The plasmonic fishnet structure proposed by Ji and Varadan [29] is an electrically connected, plasmonic structure whose geometry can be optimized to realize absorption enhancement in the a-Si layer of a TFSC at a particular target wavelength. It is a planar structure embedded within the back spacer of a TFSC. In a-Si, the absorption is very low for wavelengths ~700 nm near the bandgap. Hence, the resonance frequency of the fishnet was designed to enhance absorption in this region. The fishnet structure has two distinct advantages compared to other particulate or discrete plasmonic structures. The field localization in the fishnet plasmonic structure is much smaller in comparison. It enhances the conductivity of the back spacer and can also serve as the back electrode. The ability of this structure to enhance the absorption and in TFSCs was shown by numerical simulation in the past [29]. Following this design very closely, a plasmonic fishnet structure was embedded within the back spacer of a TFSC structure. The incoming light is scattered into the absorber layer and also trapped by total internal reflection from the top interface. This particular fishnet provides a plasmonic resonance at the bandgap of a-Si, which corresponds to a wavelength of around 690 nm.

2. Materials and Methods

2.1. Design and Fabrication of the Fishnet TFSC

The design of the fishnet TFSC is based on the previous work which was referred to earlier [29]. The only differences in the device dimensions arose as a result of changing the choice of metal for both the fishnet and the back electrode to silver instead of gold.

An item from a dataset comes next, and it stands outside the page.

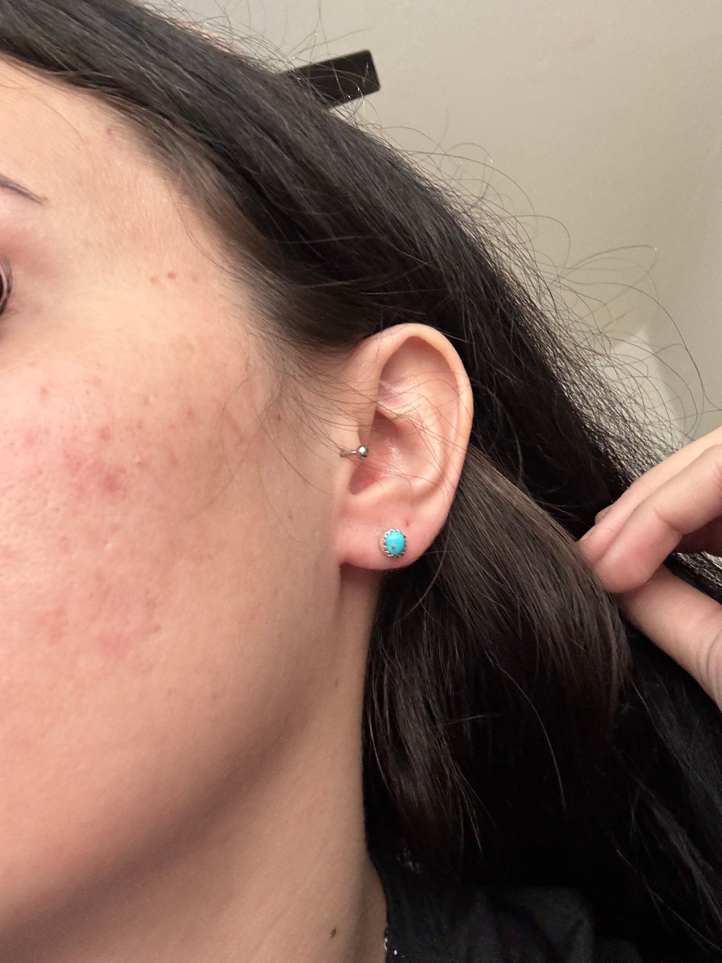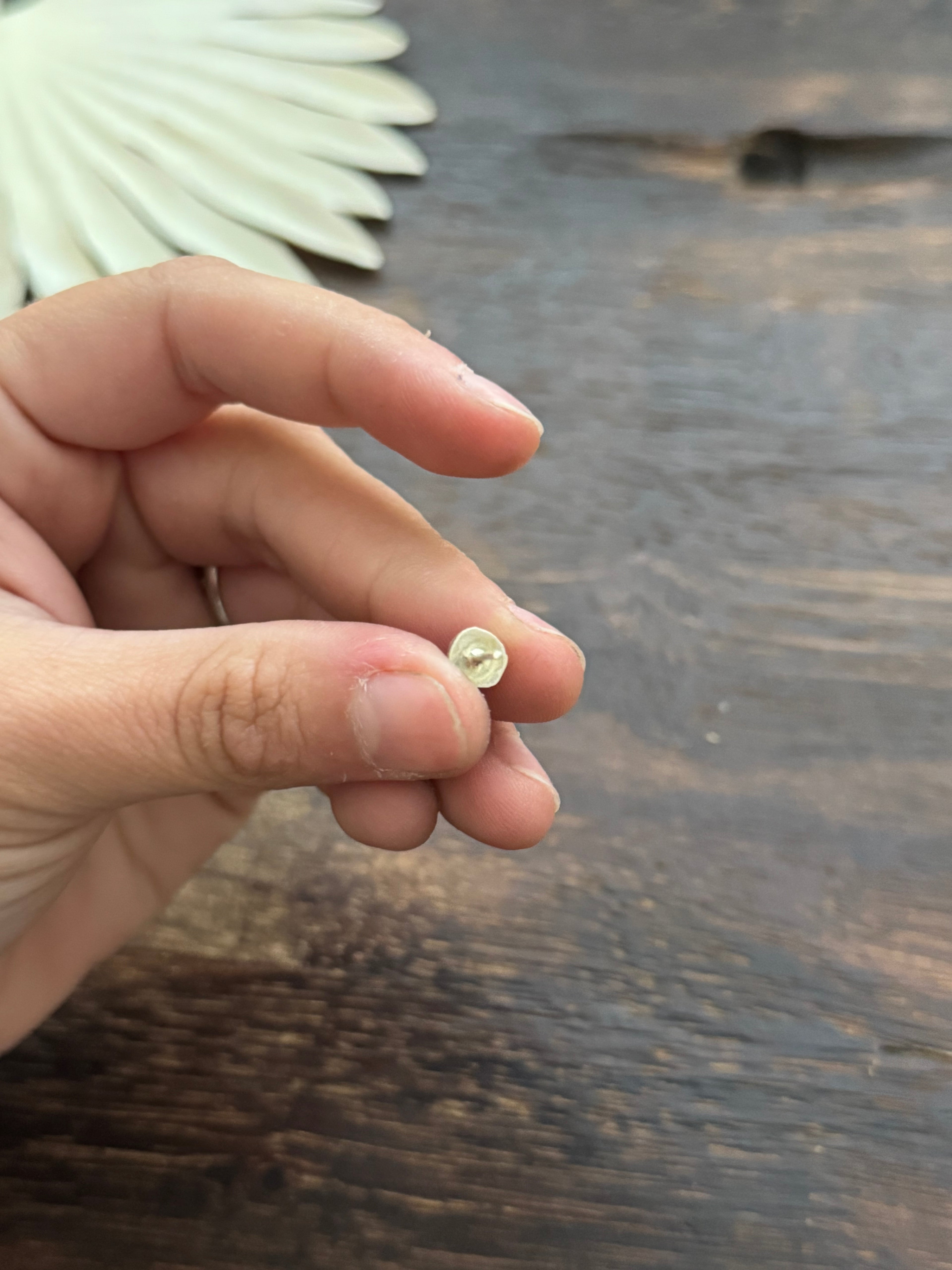 In love with these everyday earrings. Dorthy Yazzie Kingman Turquoise & Sterling Silver Post Earrings. It measures 3/8 of an inch long and 3/8 of an inch wide. Stamped and signed.

All other materials were kept the same. The optimized design is shown in Figure 1.

(a) Fishnet specifications

(b) Schematic of the fishnet TFSC

Figure 1(b) shows the complete structure of the fabricated sample, which optically resembles a TFSC. With this set of dimensions, the fishnet structure was expected to resonate near 700 nm, which is the bandgap of a-Si. The bandgap region of a-Si has a very low absorption coefficient; hence light absorption enhancement is most required at this wavelength. Since this is a single layer fishnet, there is no interlayer magnetic coupling that exists in multilayer fishnet structure [30]. Instead, only electrical resonance will be generated, resulting in an oscillating current in the metallic structure. This oscillating current is the result of photon-electron energy conversion and then will scatter photons back into the a-Si layer.

A 100 nm layer of silver was deposited on a glass substrate by thermal evaporation, using Cr as an adhesion layer. Silver thin films were found to disintegrate easily in the absence of the Cr layer. Al-doped zinc oxide (AZO) was then deposited on the top of the silver layer using atomic layer deposition (ALD). The fishnet structure was then fabricated using electron beam lithography, thermal evaporation and subsequent lift-off using acetone. A 7 nm thin film of Cr was required to ensure proper adhesion of the silver to the AZO during this step. This was followed by another AZO deposition step to cover the fishnet completely, thus embedding the fishnet within the AZO back spacer. a-Si was deposited over this using Plasma Enhanced Chemical Vapor Deposition under 900 mTorr, 50 W for 17 minutes, to give a 500 nm layer. Finally, a 50 nm AZO front spacer layer was deposited to help reduce reflection from the top of the TFSC. The pattern was fabricated within an area of 1.048 mm × 1.048 mm.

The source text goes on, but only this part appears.